If you are going the innovative path and there is no market currently for your product or service, you need to describe in this section why the market needs your product or service.

For example, overnight delivery was a niche business that only a few companies were participating in. Federal Express (FedEx) had to show in its business plan that there was a large opportunity for that service and they justified why the market needed that service.

3. Long or Short Products or Services Section

Should your products or services section be short? Does the long products or services section attract more investors?

There are no straightforward answers to these questions. Whether your products or services section should be long or relatively short depends on the nature of your business.

If your business is product-focused, then automatically you need to use more space to describe the details of your products. However, if the product your business sells is a commodity item that relies on competitive pricing or other pricing strategies, you do not have to use up so much space to provide significant details about the product.

Likewise, if you are selling a commodity that is available in numerous outlets, then you do not have to spend time on writing a long products or services section.

The key to the success of your business is most likely the effectiveness of your marketing strategies compared to your competitors. Use more space to address that section.

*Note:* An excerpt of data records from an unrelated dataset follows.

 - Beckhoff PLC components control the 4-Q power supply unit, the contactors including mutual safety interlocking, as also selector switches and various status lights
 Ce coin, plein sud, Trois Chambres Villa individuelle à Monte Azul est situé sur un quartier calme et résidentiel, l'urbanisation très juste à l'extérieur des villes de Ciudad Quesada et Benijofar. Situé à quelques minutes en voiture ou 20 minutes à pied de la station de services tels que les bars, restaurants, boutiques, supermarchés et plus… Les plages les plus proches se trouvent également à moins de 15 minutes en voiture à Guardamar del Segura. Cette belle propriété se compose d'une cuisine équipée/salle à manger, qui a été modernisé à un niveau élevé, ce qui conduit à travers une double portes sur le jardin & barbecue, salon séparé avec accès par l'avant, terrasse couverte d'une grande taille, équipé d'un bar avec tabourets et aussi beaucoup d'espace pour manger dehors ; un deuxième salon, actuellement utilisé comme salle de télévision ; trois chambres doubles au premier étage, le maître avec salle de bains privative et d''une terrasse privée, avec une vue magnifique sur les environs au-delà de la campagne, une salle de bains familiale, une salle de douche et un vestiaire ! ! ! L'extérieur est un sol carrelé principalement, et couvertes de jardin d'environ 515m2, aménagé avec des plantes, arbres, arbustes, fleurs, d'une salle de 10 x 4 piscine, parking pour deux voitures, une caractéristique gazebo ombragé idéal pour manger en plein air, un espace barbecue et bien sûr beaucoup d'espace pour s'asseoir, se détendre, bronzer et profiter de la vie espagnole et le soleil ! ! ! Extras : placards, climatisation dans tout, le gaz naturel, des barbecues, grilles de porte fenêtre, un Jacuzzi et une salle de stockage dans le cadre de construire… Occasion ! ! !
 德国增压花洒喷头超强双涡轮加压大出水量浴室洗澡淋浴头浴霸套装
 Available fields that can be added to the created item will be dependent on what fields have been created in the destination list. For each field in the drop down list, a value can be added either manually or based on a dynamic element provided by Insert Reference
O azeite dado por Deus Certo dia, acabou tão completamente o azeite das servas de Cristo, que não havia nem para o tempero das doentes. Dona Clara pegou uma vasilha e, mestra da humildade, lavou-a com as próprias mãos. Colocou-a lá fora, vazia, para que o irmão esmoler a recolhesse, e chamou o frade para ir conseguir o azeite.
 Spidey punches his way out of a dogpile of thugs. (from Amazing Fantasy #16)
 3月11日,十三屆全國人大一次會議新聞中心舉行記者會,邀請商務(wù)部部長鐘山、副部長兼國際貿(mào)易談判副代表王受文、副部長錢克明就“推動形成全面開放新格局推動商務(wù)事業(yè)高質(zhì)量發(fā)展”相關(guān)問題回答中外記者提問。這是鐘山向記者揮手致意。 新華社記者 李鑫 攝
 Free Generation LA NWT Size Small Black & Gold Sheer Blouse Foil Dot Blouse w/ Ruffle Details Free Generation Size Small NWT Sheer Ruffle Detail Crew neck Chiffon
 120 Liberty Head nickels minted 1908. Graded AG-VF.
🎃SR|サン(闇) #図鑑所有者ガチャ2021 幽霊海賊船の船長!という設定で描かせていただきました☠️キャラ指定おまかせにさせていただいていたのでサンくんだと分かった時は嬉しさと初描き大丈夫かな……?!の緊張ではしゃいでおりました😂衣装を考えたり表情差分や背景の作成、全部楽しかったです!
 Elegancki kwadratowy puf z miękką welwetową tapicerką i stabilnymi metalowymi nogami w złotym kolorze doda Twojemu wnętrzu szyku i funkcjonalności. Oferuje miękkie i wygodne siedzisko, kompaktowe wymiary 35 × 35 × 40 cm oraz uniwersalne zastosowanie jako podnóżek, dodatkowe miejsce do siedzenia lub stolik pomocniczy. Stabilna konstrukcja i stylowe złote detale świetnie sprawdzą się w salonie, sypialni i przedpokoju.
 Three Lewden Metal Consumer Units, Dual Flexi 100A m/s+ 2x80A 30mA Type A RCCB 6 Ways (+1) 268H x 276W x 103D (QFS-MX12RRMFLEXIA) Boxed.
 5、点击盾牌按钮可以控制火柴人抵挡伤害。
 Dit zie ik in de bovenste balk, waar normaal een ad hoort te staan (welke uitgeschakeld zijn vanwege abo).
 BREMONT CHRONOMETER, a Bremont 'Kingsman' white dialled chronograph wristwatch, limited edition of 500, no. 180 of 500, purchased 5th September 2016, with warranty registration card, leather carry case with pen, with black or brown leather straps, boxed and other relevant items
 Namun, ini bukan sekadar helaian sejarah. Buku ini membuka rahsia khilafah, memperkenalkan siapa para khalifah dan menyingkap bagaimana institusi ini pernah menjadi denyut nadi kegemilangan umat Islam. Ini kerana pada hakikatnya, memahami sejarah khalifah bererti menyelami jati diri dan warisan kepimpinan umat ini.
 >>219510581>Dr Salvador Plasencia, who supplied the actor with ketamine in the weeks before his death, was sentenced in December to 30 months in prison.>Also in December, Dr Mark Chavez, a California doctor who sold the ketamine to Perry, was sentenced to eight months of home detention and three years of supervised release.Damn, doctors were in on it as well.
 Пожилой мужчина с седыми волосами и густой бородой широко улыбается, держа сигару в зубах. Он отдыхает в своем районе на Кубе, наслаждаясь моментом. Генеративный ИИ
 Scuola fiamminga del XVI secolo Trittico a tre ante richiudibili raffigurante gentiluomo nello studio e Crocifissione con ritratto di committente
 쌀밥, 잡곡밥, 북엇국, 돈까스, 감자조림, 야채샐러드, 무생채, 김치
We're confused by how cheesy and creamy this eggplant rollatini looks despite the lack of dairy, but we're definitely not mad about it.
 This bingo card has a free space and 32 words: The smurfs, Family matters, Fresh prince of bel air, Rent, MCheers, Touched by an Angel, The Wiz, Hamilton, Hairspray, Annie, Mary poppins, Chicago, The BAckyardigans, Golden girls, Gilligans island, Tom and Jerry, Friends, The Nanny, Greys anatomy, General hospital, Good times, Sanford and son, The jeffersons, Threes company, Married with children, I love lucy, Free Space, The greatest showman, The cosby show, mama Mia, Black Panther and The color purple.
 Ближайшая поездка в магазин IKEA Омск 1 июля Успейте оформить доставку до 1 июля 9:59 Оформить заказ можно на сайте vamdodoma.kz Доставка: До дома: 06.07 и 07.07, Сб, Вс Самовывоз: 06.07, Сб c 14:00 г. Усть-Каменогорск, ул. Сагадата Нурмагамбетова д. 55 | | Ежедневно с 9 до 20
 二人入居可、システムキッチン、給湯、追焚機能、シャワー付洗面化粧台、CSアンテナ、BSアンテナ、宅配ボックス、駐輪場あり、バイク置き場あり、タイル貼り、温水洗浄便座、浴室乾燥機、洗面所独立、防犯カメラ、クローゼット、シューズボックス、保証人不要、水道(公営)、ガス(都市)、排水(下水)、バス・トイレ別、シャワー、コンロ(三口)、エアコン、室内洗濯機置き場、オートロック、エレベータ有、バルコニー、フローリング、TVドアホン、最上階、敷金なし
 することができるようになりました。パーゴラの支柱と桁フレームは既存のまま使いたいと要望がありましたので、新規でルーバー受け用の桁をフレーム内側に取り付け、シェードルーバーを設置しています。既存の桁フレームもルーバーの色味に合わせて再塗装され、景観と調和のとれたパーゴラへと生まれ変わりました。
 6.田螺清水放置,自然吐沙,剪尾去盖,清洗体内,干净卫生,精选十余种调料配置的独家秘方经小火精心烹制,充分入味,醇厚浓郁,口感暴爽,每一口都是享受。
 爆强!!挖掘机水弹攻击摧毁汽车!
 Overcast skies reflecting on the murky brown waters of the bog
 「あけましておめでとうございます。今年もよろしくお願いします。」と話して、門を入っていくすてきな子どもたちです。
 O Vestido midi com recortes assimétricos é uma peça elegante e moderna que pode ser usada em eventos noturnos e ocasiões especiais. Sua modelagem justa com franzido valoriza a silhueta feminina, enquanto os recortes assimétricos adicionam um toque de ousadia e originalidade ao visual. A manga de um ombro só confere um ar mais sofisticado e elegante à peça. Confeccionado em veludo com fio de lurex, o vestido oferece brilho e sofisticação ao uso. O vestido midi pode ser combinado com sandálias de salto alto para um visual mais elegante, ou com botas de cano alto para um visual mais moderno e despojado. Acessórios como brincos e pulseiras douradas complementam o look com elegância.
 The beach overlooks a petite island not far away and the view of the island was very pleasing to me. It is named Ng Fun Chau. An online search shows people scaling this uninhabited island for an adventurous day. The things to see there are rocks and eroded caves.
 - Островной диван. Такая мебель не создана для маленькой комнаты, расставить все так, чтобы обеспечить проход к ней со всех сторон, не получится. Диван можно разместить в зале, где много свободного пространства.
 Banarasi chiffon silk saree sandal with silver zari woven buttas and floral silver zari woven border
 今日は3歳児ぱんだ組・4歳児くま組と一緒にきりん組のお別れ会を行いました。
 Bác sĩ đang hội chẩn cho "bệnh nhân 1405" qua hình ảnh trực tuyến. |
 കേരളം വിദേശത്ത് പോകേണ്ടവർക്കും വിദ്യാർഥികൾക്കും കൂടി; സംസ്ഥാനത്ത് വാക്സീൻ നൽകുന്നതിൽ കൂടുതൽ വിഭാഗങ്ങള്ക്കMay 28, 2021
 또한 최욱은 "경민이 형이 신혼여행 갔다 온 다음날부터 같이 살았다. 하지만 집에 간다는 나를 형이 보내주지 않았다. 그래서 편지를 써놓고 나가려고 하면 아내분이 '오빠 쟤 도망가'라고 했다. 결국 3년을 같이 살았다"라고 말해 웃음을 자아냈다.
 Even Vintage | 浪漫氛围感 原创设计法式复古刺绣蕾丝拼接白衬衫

If you are creating a new product or service that the market does not know about, your products or services section can be lengthy. The reason why is because you need to explain everything about the product or service such as the nature of the product, its use case, and values.

A short products or services section for an innovative product or service will not give the readers enough information to properly evaluate your business.

4. Describe Your Relationships with Vendors or Suppliers

Your business will rely on vendors or suppliers to supply raw materials or the components needed to make your products. In your products and services section, describe your relationships with your vendors and suppliers fully.

Avoid the mistake of relying on only one supplier or vendor. If that supplier or vendor fails to supply or goes out of business, you can easily face supply problems and struggle to meet your demands. Plan to set up multiple vendor or supplier relationships for better business stability.

5. Your Primary Goal Is to Convince Your Readers

The primary goal of your business plan is to convince your readers that your business is viable and to create a guide for your business to follow. It applies to the products and services section.

When drafting this section, think like the reader. See your reader as someone who has no idea about your products and services. You are using the products and services section to provide the needed information to help your reader understand your products and services. As a result, you have to be clear and to the point.

While you want to educate your readers about your products or services, you also do not want to bore them with lots of technical details. Show your products and services and not your fancy choice of words.

Your products and services section should provide the answer to the “what” question for your business. You and your management team may run the business, but it is your products and services that are the lifeblood of the business.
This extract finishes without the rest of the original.